Beijing — Bloomberg today announced that it will add Chinese RMB-denominated government and policy bank securities to the Bloomberg Barclays Global Aggregate Index, once several planned operational enhancements are implemented by the People’s Bank of China (PBoC) and Ministry of Finance. The addition of these securities will be phased in over a 20-month period starting April 2019.
When fully accounted for in the Global Aggregate Index, local currency Chinese bonds will be the fourth largest currency component following the US dollar, euro and Japanese yen. Using data as of January 31, 2018, the index would include 386 Chinese securities and represent 5.49% of a $53.73 trillion index.
“Today’s announcement recognizes China’s continued efforts over recent years to enhance access to the world’s third-largest bond market,” said Michael Bloomberg, founder of Bloomberg LP and Chair of the Working Group on U.S. RMB Trading and Clearing. “It is a testament to China’s firm commitment to financial reforms and the pace of change taking place in its bond market, and another important step for China’s integration with global financial markets.”
In order to be considered for inclusion in the Global Aggregate Index, a local currency debt market must be classified as investment grade and its currency must be freely tradable, convertible, hedgeable, and free of capital controls. Ongoing enhancements from the PBoC have resulted in RMB-denominated securities meeting these absolute index rules.
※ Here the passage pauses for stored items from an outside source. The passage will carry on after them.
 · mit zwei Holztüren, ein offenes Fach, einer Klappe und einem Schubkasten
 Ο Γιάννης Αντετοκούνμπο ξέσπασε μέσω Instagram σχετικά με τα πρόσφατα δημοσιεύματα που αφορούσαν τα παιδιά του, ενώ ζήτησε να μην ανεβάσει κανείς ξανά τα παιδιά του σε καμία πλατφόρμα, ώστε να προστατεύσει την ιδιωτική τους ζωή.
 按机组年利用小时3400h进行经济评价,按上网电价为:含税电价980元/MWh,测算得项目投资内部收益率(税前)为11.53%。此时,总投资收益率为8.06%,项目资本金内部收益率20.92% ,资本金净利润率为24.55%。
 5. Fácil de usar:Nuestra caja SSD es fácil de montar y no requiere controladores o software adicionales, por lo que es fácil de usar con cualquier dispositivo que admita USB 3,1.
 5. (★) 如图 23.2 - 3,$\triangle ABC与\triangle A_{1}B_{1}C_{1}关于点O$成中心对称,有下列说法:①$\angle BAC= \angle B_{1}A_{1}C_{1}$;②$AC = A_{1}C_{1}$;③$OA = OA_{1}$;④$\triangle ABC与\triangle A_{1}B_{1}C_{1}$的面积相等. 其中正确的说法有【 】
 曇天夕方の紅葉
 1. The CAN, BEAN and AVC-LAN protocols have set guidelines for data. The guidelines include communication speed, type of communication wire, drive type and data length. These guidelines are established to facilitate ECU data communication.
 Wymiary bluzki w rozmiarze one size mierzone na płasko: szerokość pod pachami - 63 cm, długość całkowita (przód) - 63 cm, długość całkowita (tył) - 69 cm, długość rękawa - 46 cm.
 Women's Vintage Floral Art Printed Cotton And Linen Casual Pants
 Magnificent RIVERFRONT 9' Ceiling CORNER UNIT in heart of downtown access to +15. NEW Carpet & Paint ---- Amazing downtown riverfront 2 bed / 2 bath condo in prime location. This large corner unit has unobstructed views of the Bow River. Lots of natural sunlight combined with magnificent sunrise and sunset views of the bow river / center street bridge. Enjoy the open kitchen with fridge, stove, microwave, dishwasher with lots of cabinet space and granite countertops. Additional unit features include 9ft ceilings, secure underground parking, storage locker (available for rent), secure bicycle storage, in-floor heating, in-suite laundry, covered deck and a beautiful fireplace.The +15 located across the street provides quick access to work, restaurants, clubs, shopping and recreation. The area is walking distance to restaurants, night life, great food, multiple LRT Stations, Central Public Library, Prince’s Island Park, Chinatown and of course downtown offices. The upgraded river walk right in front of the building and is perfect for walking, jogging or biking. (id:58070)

Additional enhancements are required prior to the planned inclusion date to increase investor confidence and to improve market accessibility. Among these are: the implementation of delivery vs. payment settlement, ability to allocate block trades across portfolios, and clarification on tax collection policies. Should progress on these enhancements be delayed, China’s inclusion in the Global Aggregate Index and other Bloomberg Barclays Indices may also be delayed.
“Bloomberg’s inclusion of RMB-denominated bonds in the most widely-used fixed income benchmarks represents a pivotal development for investors around the world,” said Henry M. Paulson, Co-Chair of The Working Group on U.S. RMB Trading and Clearing. “China’s new position in international bond portfolios will pave the way for robust market activity and support continued financial reforms.”
“The Chinese interbank bond markets continue to evolve, and Bloomberg will reflect the maturation of this asset class in our global benchmarks,” said Steve Berkley, Global Head of Bloomberg Indices. “Following our introduction of the China Aggregate index in 2004 and the +China indices in 2017, the official inclusion of RMB-denominated securities in the Global Aggregate Index reflects the next natural step expected by global investors.”
In addition to the Global Aggregate Index, Chinese RMB-denominated debt will be eligible for inclusion in the Global Treasury and EM Local Currency Government Indices starting April 2019.
The planned inclusion of the Chinese market in the Global Aggregate, Global Treasury, and EM Local Currency Government Indices will be phased in over a 20-month period, starting in April 2019 with a scaling factor of 5% and increasing in 5% increments each month. Bloomberg will review the speed of implementation on an annual basis, per the company’s governance process.
Bloomberg will create ex-China versions of the Global Aggregate, Global Treasury and EM Local Currency Government Indices for index users who wish to track benchmarks that exclude China. Bloomberg will also offer to create customized capped versions of the indices for investors looking to limit exposure to China.